**Exercise instructions:**
Reproduce exactly the lines from the one containing "We use all-natural, 100%" through the end of the listing, minus the pictures.

**Data segment:**
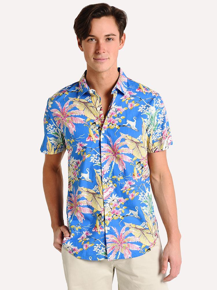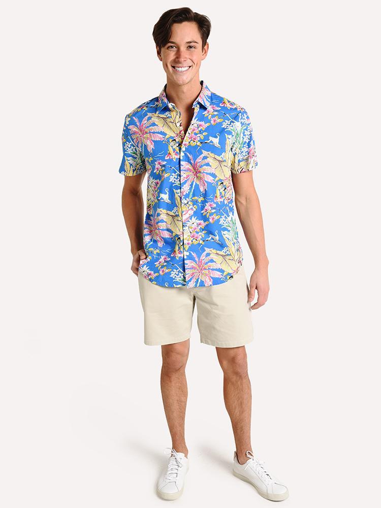 The Bonobos Amalfi Premium Short Sleeve Shirt features a picturesque, tropical scene for your everyday adventures.
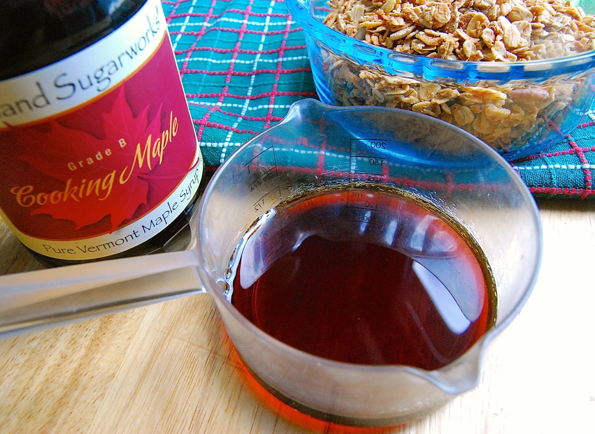 We use all-natural, 100% pure maple syrup to sweeten granola. While its flavor is mild, its sweetness is potent; substituting artificial maple syrup leaves granola tasting flat and bland.
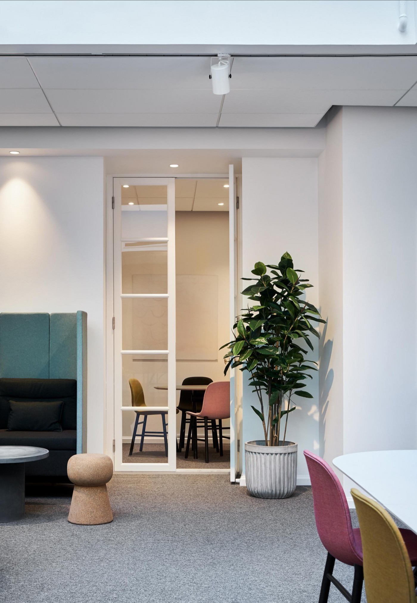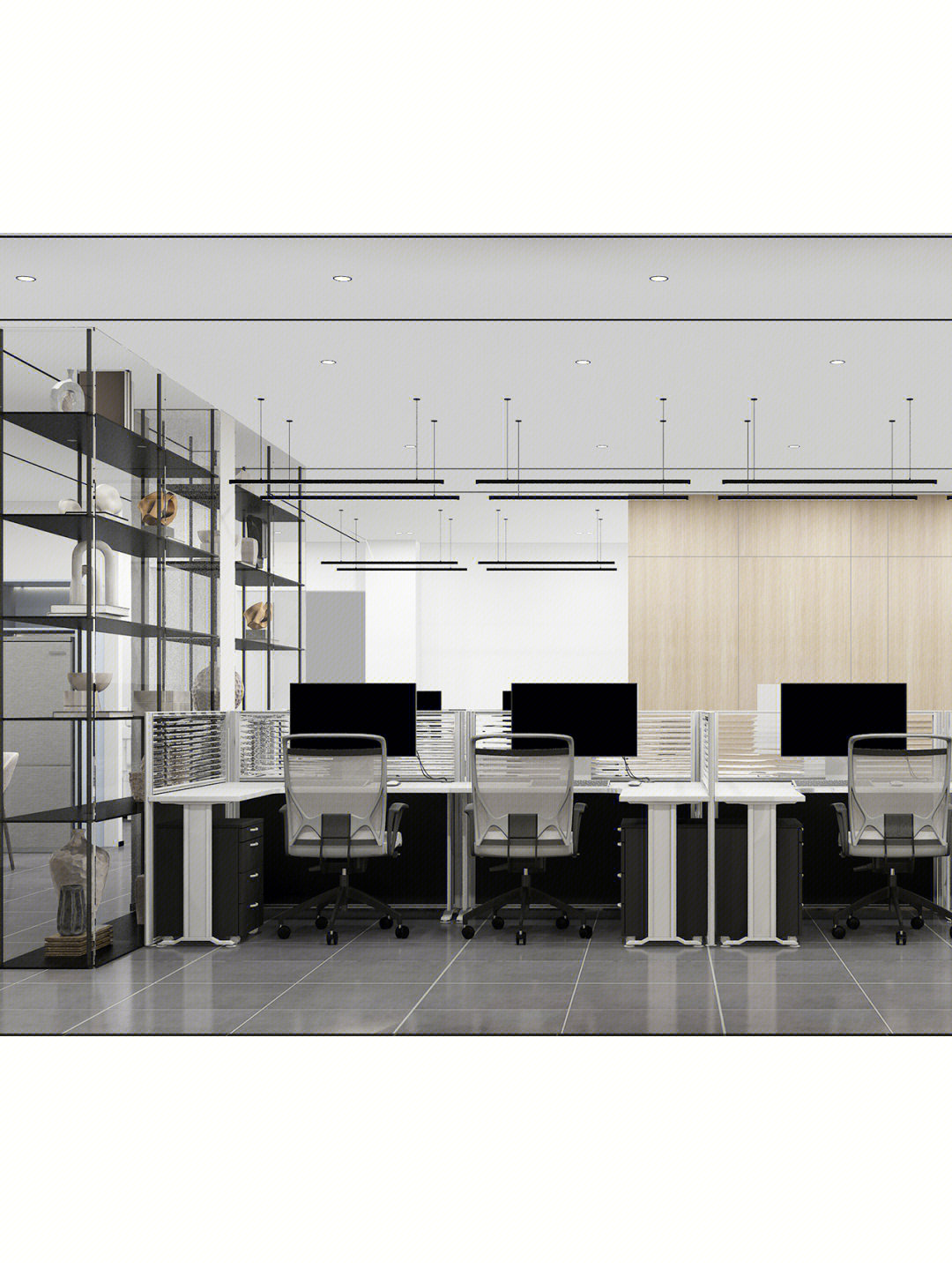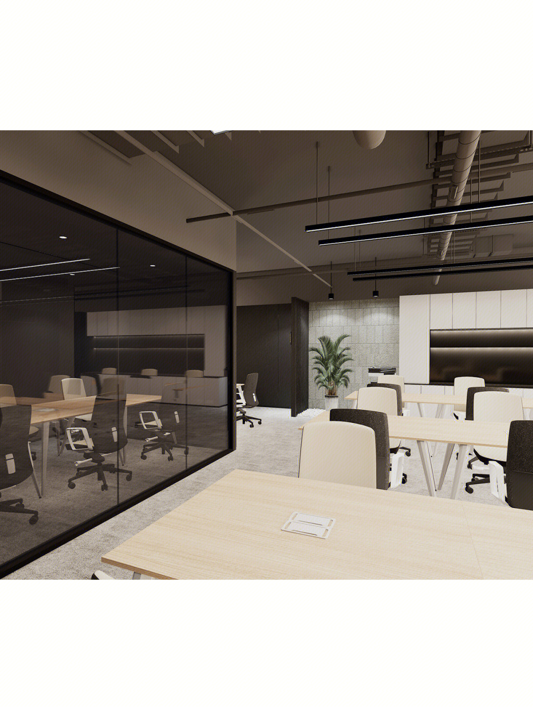 独立办公空间在用色上延续纯白主基调,同时增添了大面积深棕色、原木色,传递出领导者稳健大气的态度。通过减少装饰保持极简风格,以此创造一种舒适高级的品质感。

**Problem solution:**
 We use all-natural, 100% pure maple syrup to sweeten granola. While its flavor is mild, its sweetness is potent; substituting artificial maple syrup leaves granola tasting flat and bland.
 独立办公空间在用色上延续纯白主基调,同时增添了大面积深棕色、原木色,传递出领导者稳健大气的态度。通过减少装饰保持极简风格,以此创造一种舒适高级的品质感。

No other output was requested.